[Data items]
------------------------------------------------
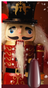
NUTCRACKER RED SoPRO 77

Un rojo intenso, como manzanas bañadas en caramelo en un mercado navideño – un clásico lleno de energía
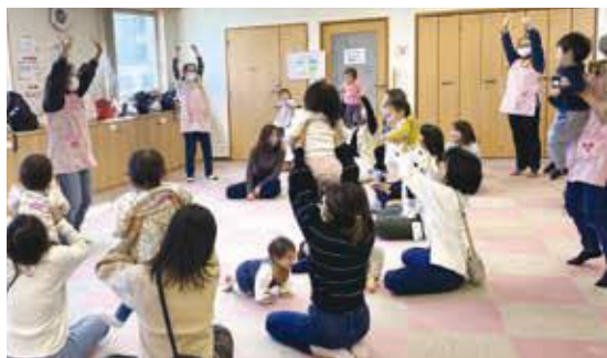
みんな一緒に、たかいたか〜い！

当日は予約なし自由参加なので、ママたちは「ひさしぶり〜！」「はじめまして」の挨拶から始まります。自由に遊んだあと、この日は、普段家庭で使わない工作のりの感触を楽しみながら、紙コップを利用した「みのむし」を作りました。「常にいろいろな人がいて、話しをしたり、子どもたちも自由に遊んだり、そういう時間を一番大切にしています。」と、代表者のお話でした。
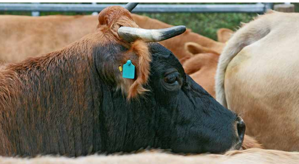
Murnau-Werdenfeler Kuh mit charakteristischer schwarzer Hornspitze

Das Beweidungsprojekt sichert damit nicht nur die hohe Artenvielfalt in der Pupplinger Au, es leistet einen nicht minder wichtigen Beitrag zur Erhaltung alter Nutztierassen und ist deshalb ein hervorragendes Beispiel für die Umsetzung der Bayerischen Biodiversitätsstrategie.
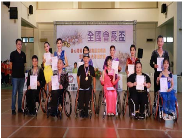
輪椅拉丁舞志工 2 項組頒獎
------------------------------------------------
What you are asked to do: Please copy the data above exactly; the pictures do not belong in the copy.

Answer space:
NUTCRACKER RED SoPRO 77

Un rojo intenso, como manzanas bañadas en caramelo en un mercado navideño – un clásico lleno de energía
みんな一緒に、たかいたか〜い！

当日は予約なし自由参加なので、ママたちは「ひさしぶり〜！」「はじめまして」の挨拶から始まります。自由に遊んだあと、この日は、普段家庭で使わない工作のりの感触を楽しみながら、紙コップを利用した「みのむし」を作りました。「常にいろいろな人がいて、話しをしたり、子どもたちも自由に遊んだり、そういう時間を一番大切にしています。」と、代表者のお話でした。
Murnau-Werdenfeler Kuh mit charakteristischer schwarzer Hornspitze

Das Beweidungsprojekt sichert damit nicht nur die hohe Artenvielfalt in der Pupplinger Au, es leistet einen nicht minder wichtigen Beitrag zur Erhaltung alter Nutztierassen und ist deshalb ein hervorragendes Beispiel für die Umsetzung der Bayerischen Biodiversitätsstrategie.
輪椅拉丁舞志工 2 項組頒獎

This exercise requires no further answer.